Data shown:
*****
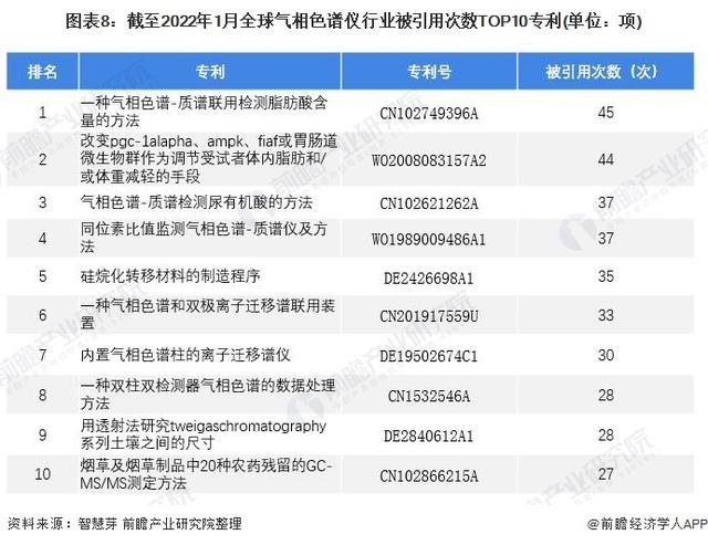 一種氣相色譜-質譜聯用檢測脂肪酸含量的方法(專利號:CN102749396A)和改變pgc-1alapha、ampk、fiaf或胃腸道微生物群作為調節受試者體內脂肪和/或體重減輕的手段(專利號:WO2008083157A2)是被引用次數最多的兩大氣相色譜儀專利,兩者被引用的次數均超過了40次。其他被引用次數前十大專利如下所示:
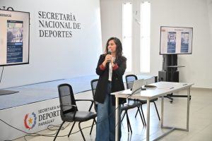 La referente de la UAL en la SND, Lic. Lorena Flores, expuso ante la plenaria las diversas acciones desarrolladas por la cartera deportiva para el fortalecimiento del uso del guaraní en la institución. Flores inició destacando la relevancia de estas instancias señalando que “es importante el trabajo de las Unidades de Asuntos Lingüísticos en la función pública para seguir fortaleciendo la buena atención al usuario, en el idioma que necesite”.
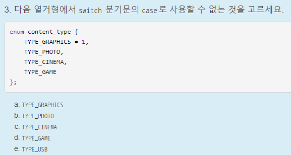 } // 열거형에 작성된 주석대로 switch문을 완성
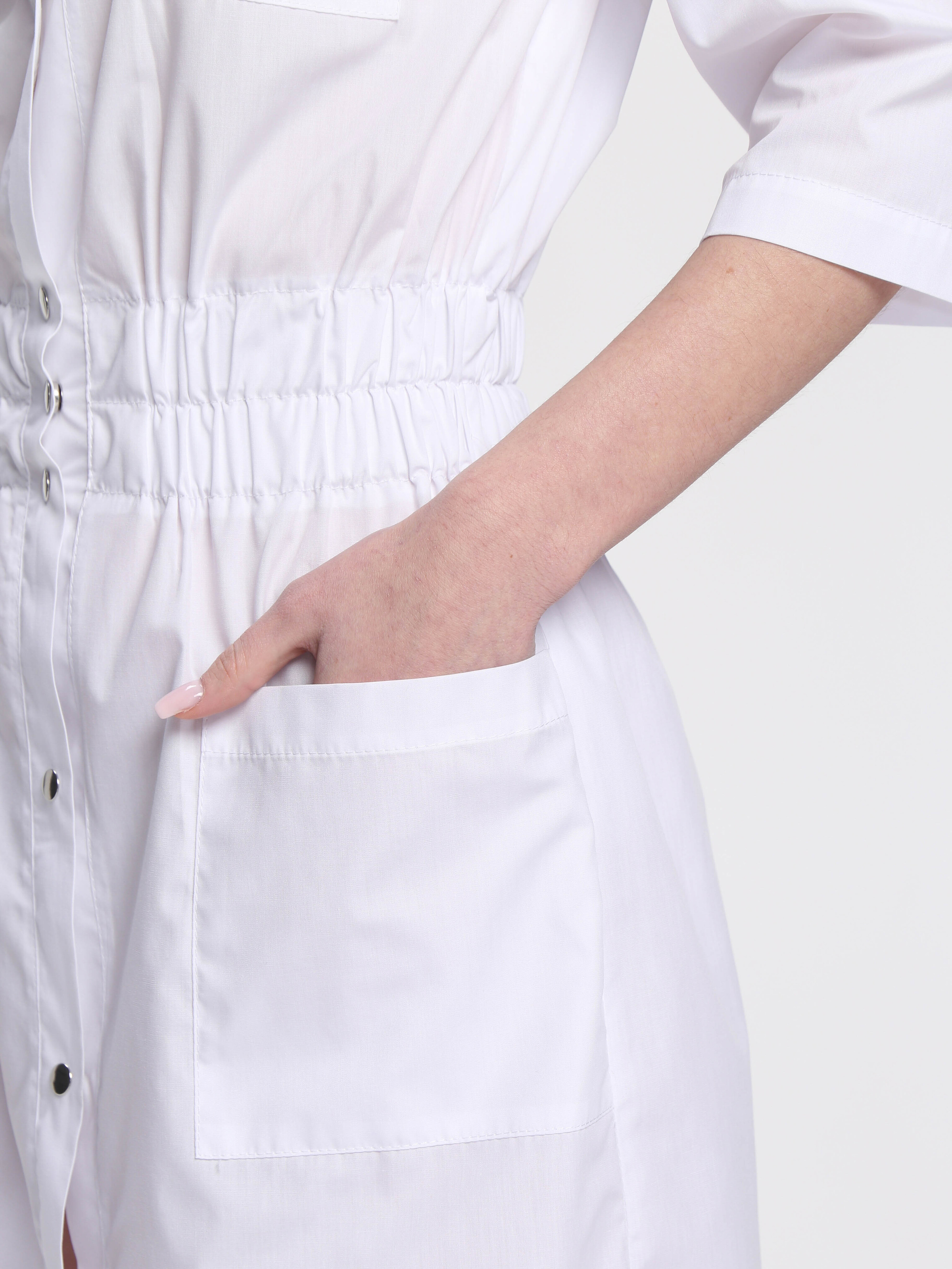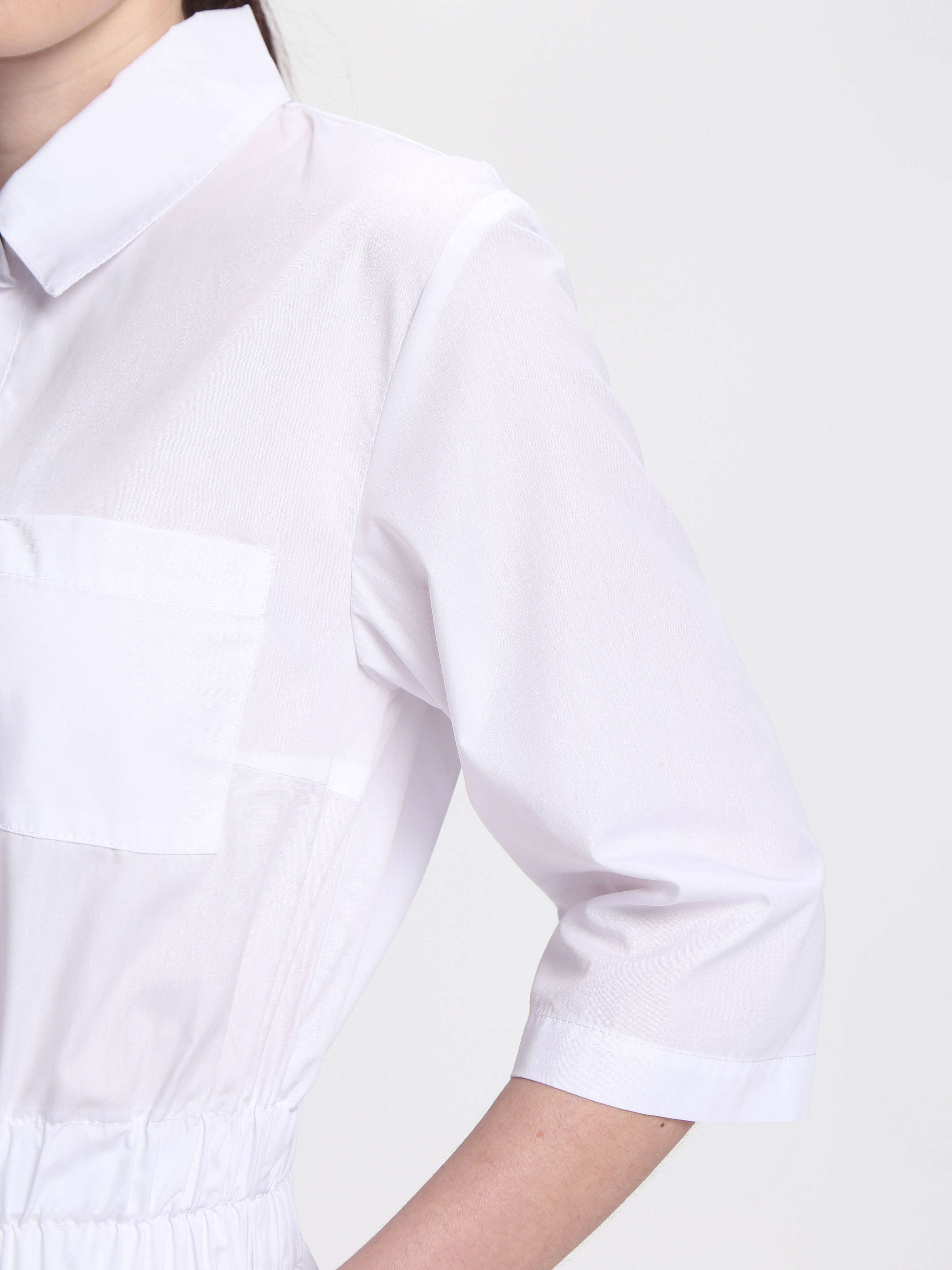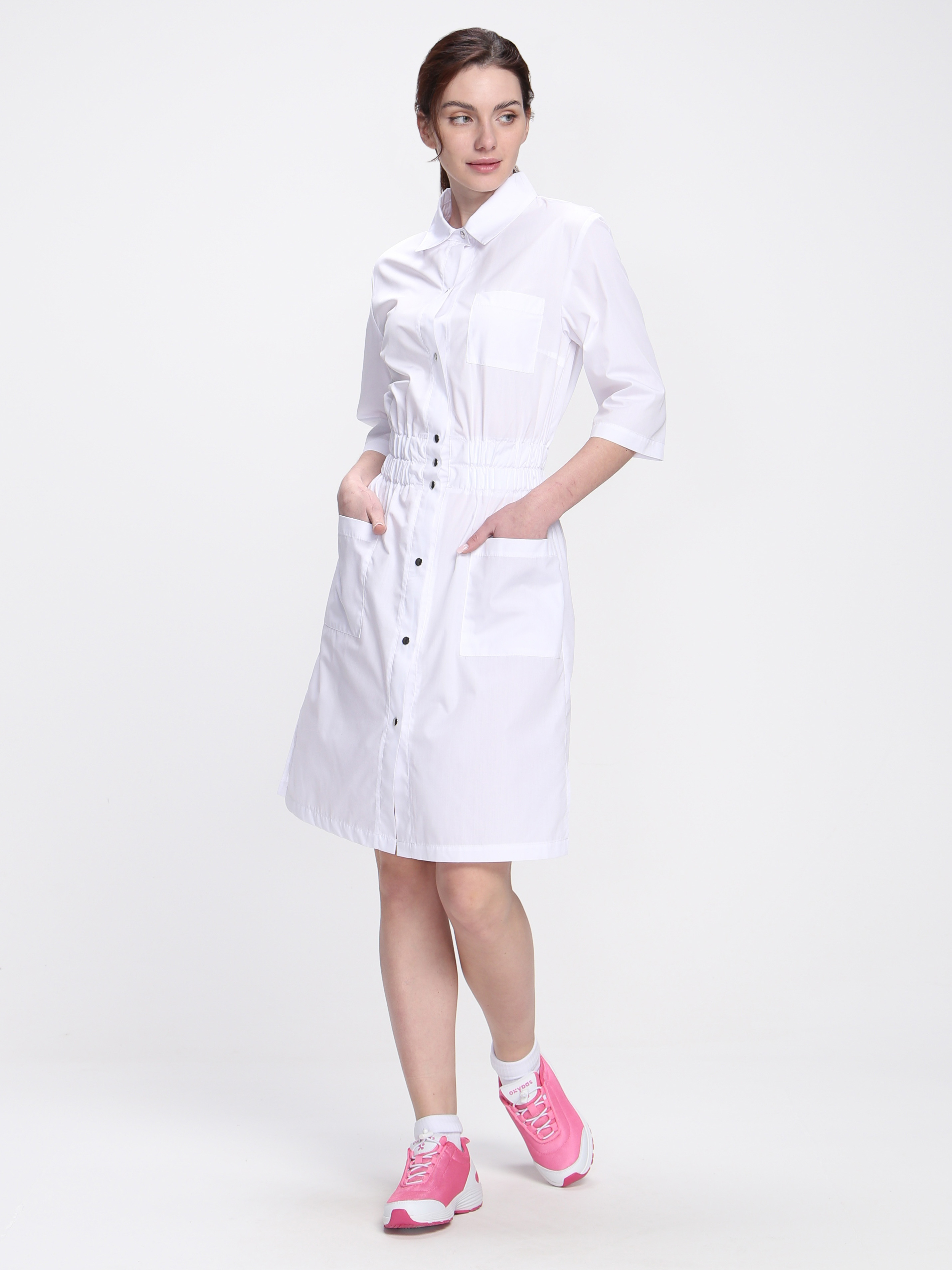 Полочка цельнокроеная, на левой детали переда и нижних частях бочков расположены накладные карманы, вход в карманы обработаны в подгибку с закрытым срезом, баковые карманы одним срезом входят в боковой шов.
*****
Task to complete: Produce an exact copy of the lines from the line with "주석대로 switch문을 완성" through the last line of the data above, both ends included. No pictures belong in it.

Exercise response:
 } // 열거형에 작성된 주석대로 switch문을 완성
 Полочка цельнокроеная, на левой детали переда и нижних частях бочков расположены накладные карманы, вход в карманы обработаны в подгибку с закрытым срезом, баковые карманы одним срезом входят в боковой шов.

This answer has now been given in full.